Nowadays there are shortage of both nurses and doctors and this has been noted by various organizations including American Medical Association and the National Nurses Association to have even expanded to irreversible level. But it had been constantly projected that the numbers will never stay on that kind of slope and will somehow, with great positivity, increase in the coming years as many nursing schools and the immigration system of the country will be producing nurses in hospital uniforms. And it is also noted that many Americans are shifting from clerical office to work as nurses in hospitals. Not to mention the job that the new health care bill passed by Congress can make as the law can draw millions of Americans back to their most desired health care services.

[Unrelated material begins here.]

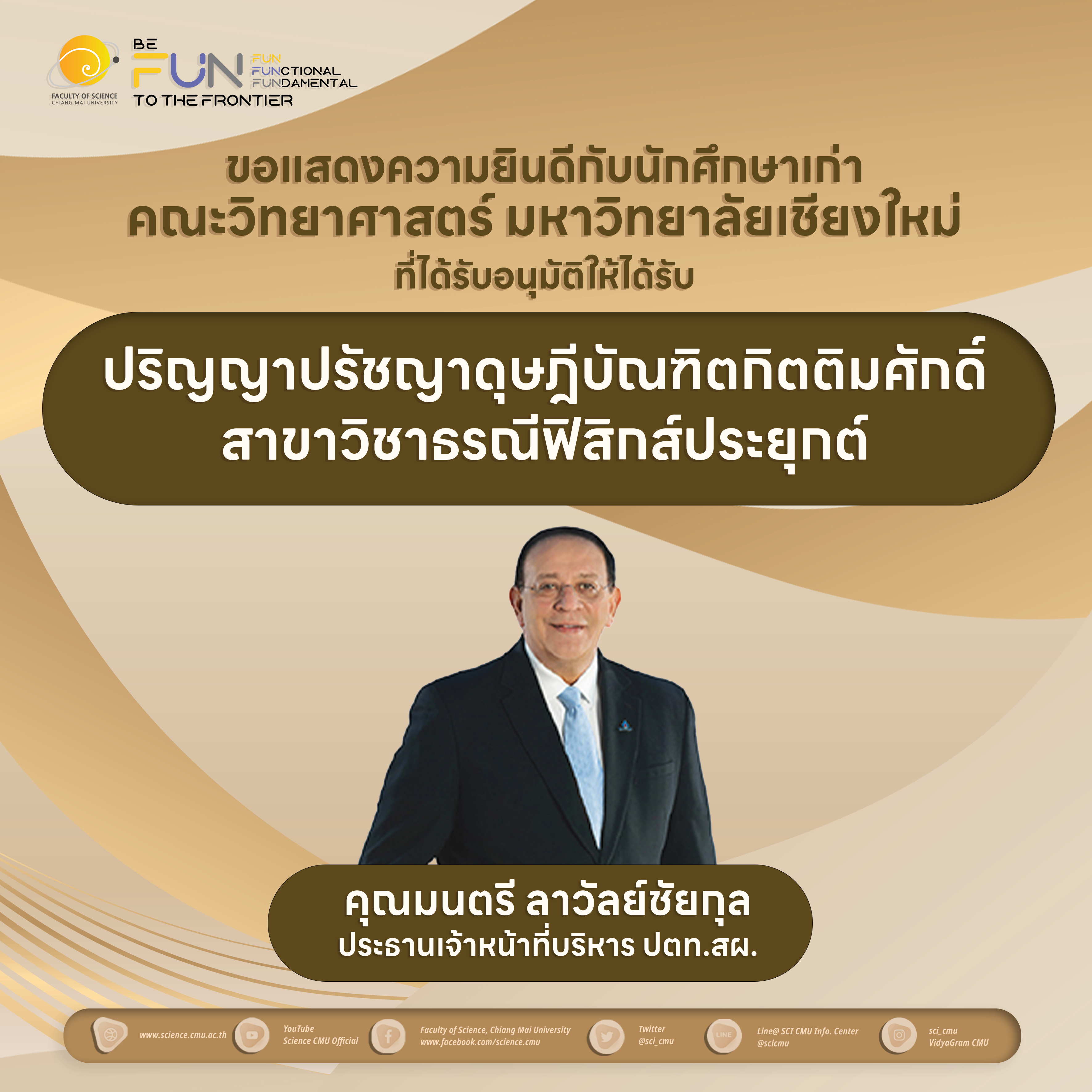 คณะวิทยาศาสตร์ขอแสดงความยินดีกับนักศึกษาเก่าคณะวิทยาศาสตร์ ที่ได้รับอนุมัติให้ได้รับปริญญาปรัชญาดุษฎีบัณฑิตกิตติมศักดิ์ สาขาวิชาธรณีฟิสิกส์ประยุกต์ และอดีตอาจารย์ประจำคณะวิทยาศาสตร์ ที่ได้รับการพิจารณาแต่งตั้งเป็น ศาสตราจารย์เกียรติคุณ สาขาวิชาคณิตศาสตร์

From the news about the declining numbers of nurses, there is another study that has been published through CNN Online about doctors. This time these professionals in medical scrubs are again on the hot seat but not because of its population but because of some issues concerning their effectiveness during duty. The study does not aim at criticizing the doctors’ skill in terms of the medical procedures that they perform or their aptitude in terms of the vast knowledge they learned and are putting into practice but on the grounds that there are certain things that supposedly interrupts in their line of works.
Based from the same research, it showed that doctors it showed that doctors on duty are being interrupted in so many ways and most of the time. Such disruptions the study summarizes can affect how the doctors perform their duties and somehow had affected the way and the time they have given to their patients.
From the conducted research by University of Sydney and the University of New South Wales about the behavior of the doctors in a particular emergency department and they found out staggering results. They have observed on 40 doctors in a 400-bed capacity emergency ward for over 210 hours and studied the relevant time and their motions. The study showed that every doctor is interrupted in so many ways about 7 times per hour. And that if there are 10 tasks 1.1 of them is interrupted 3.3% of the doctors studied are interrupted more than once. The study that was published in a journal named Quality and Safety in Health Care expound that 18.5% of those interrupted tasks where not returned on by doctors.
"It appears that in busy interrupt-driven clinical environments, clinicians reduce the time they spend on clinical tasks if they experience interruptions, and may delay or fail to return to a significant portion of interrupted tasks," assessed by the authors headed by Johanna Westbrook as told to CNN.
The bewildering effects of the result of the study are somehow directed not on the doctors but on the patient as time spent on each patient is very important to arrive at a decision that can either help the patient survive or not. Though the study did not mention the specific interruptions doctors encounter it is enough to know that somehow the medical field must be reformed somehow.